I have been lucky enough to have had two friends willing to take off their tops for me  so I can have a look at their breast jobs:
o   One single mastectomy and a prosthesis ( there is no doubt a whole blog waiting to be written about them)
o   One double, no re-construction

It was helpful to have a look, but at the end of the day it’s a  bit like looking through hair magazines for a hairstyle and choosing one. 

You still won't really know what it will look like on you  until the cut is done.



I am pretty certain I don’t want a reconstruction. 


So if I have the double mastectomy I may need to change the name of this blog to

No saggy boobs 

( but then again I may just leave it)                  


I am booked into  have surgery on Wednesday 25th July which means  I will celebrate my 49th birthday( on the 26th July) on drugs.

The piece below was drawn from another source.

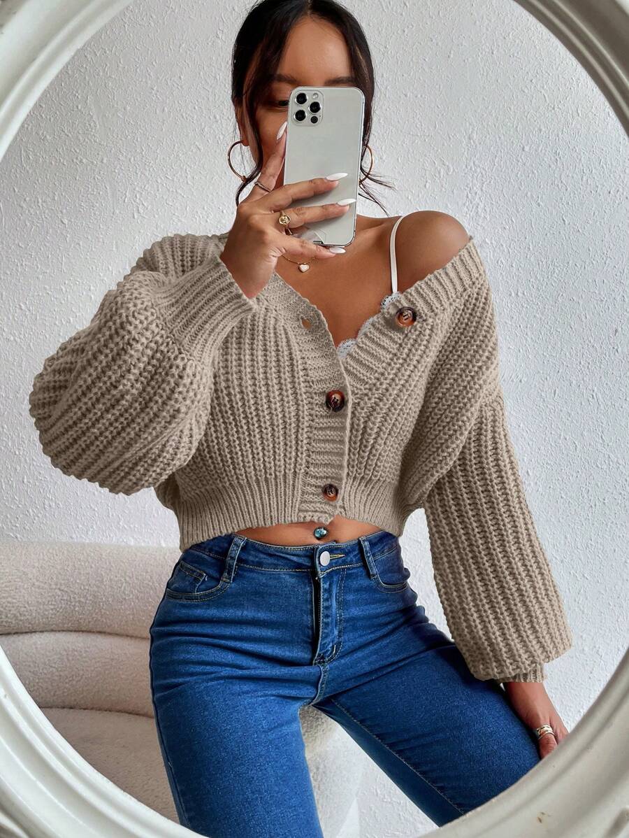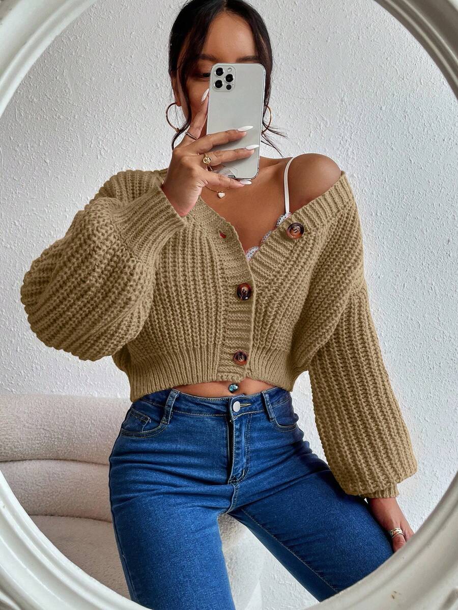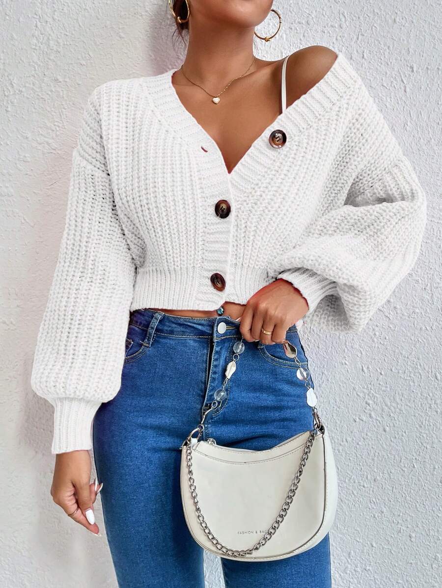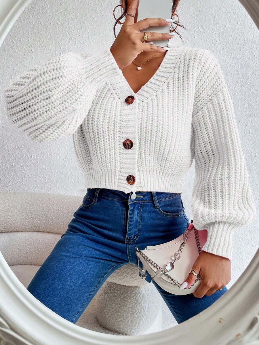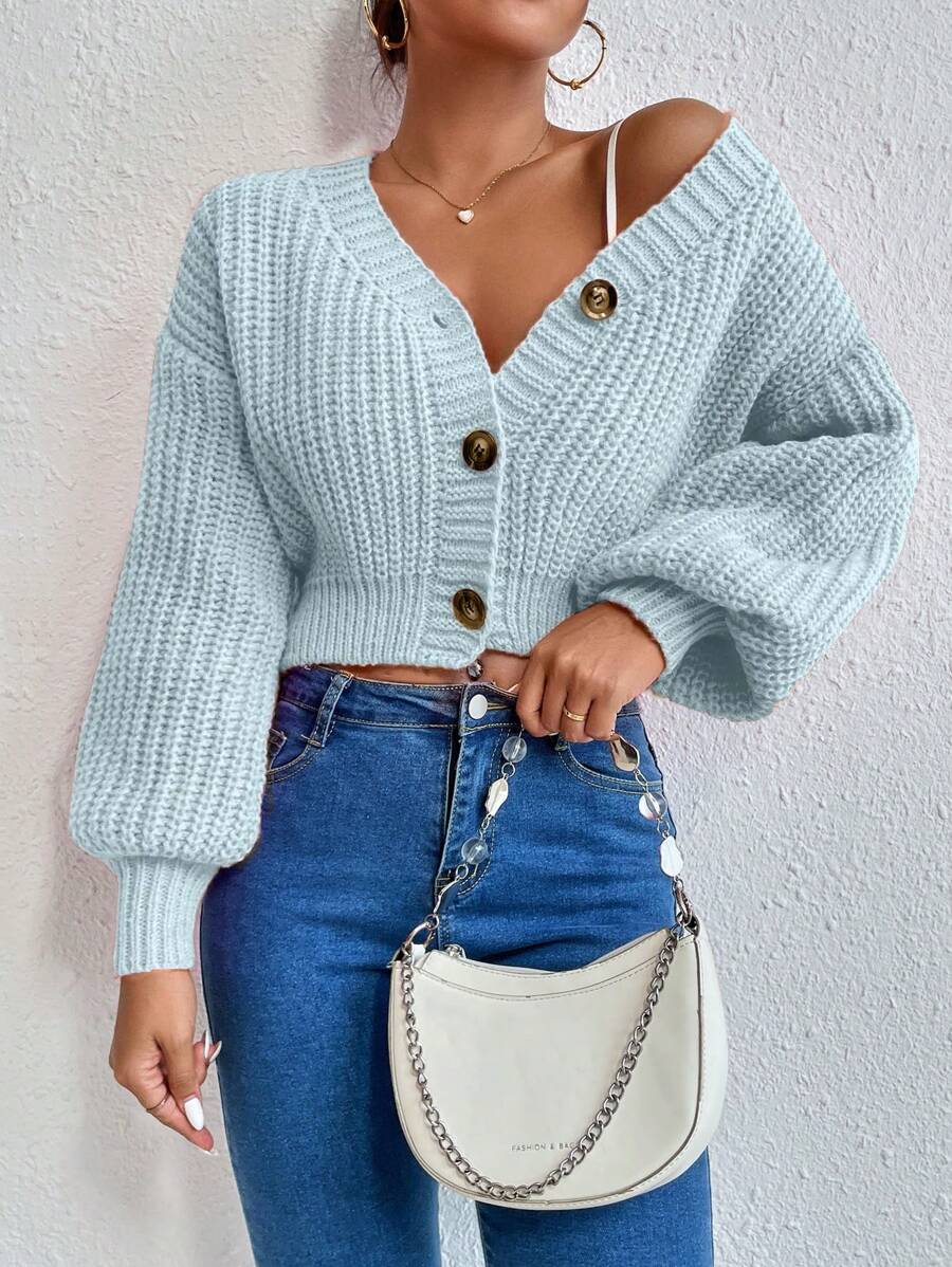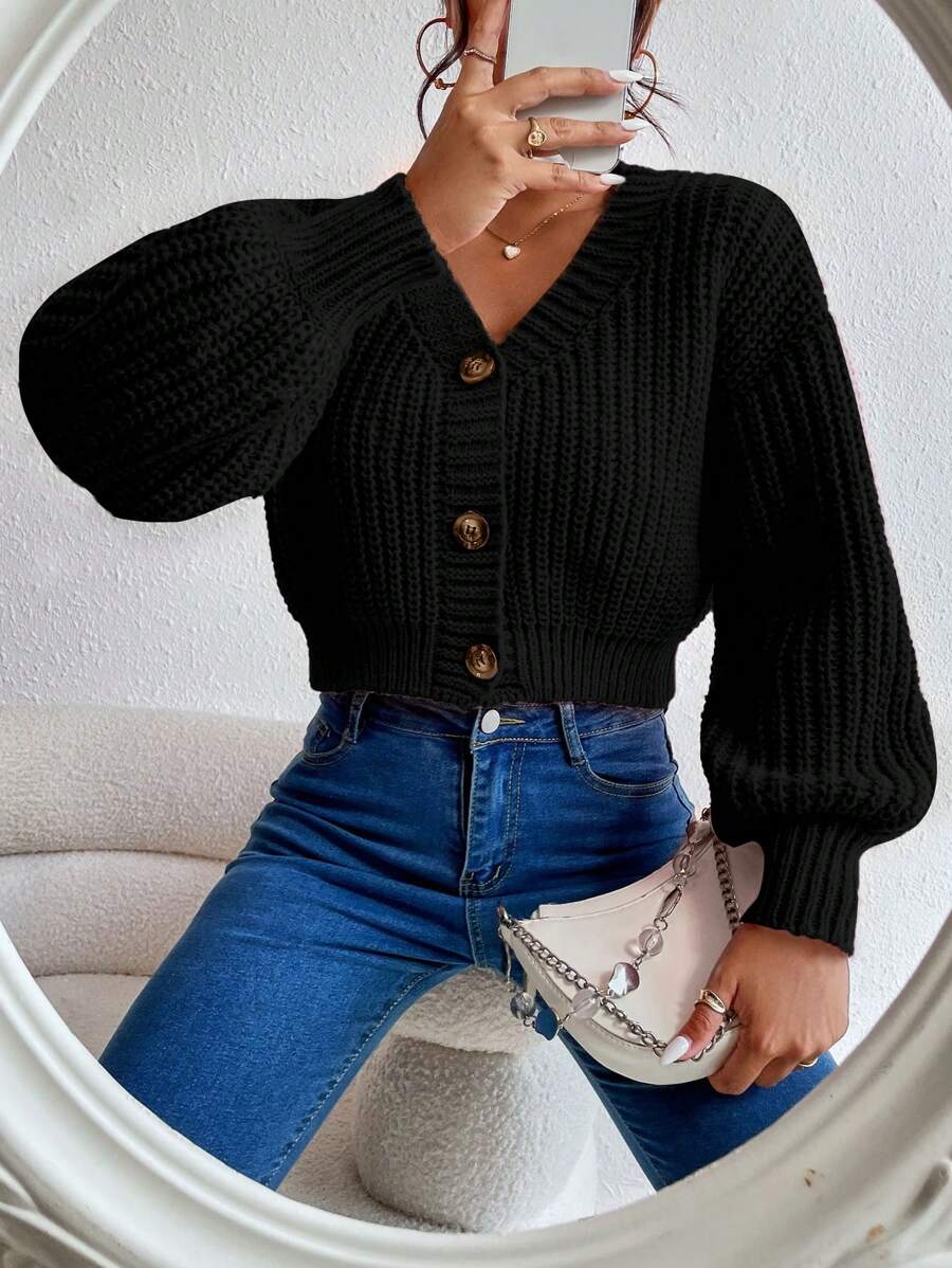 Cardigan casual da donna con bottoni sulla parte anteriore e maniche lunghe, di colore unito

I have a different oncologist looking after me this time, Dr S. ( i like him)
Dr C is away and wont be back for another week, Dr S was trained by him so I figure he is pretty good at what he does, and I don't want to wait.

I am not all that happy ( ok that is a very big understatement) at having to go through this all again 15 years after the first diagnosis.

It really has messed things up for a lot of people;

My daughter S, who was supposed to be back up in  Brisbane  getting ready to start her second semester of her acting degree
My son N , who is about to start his HSC Trials
My partner SL who now has to travel back and forward from interstate  to be my carer ( as opposed to doing that just for fun)
My family who also live interstate ( on the other side of the country) who are all really worried and feel like they cant do anything
My friends who are all quite shocked and who will have to cook and care for me all over again
My work colleagues who will have to pick up my slack

And of course me. 

So there it is – a very stripped down update on my breast cancer status.


The birds are singing which means it must be close to the sun coming up.

My head feels so much clearer.


So I will post this now, with the promise to get some sleep and to write again soon.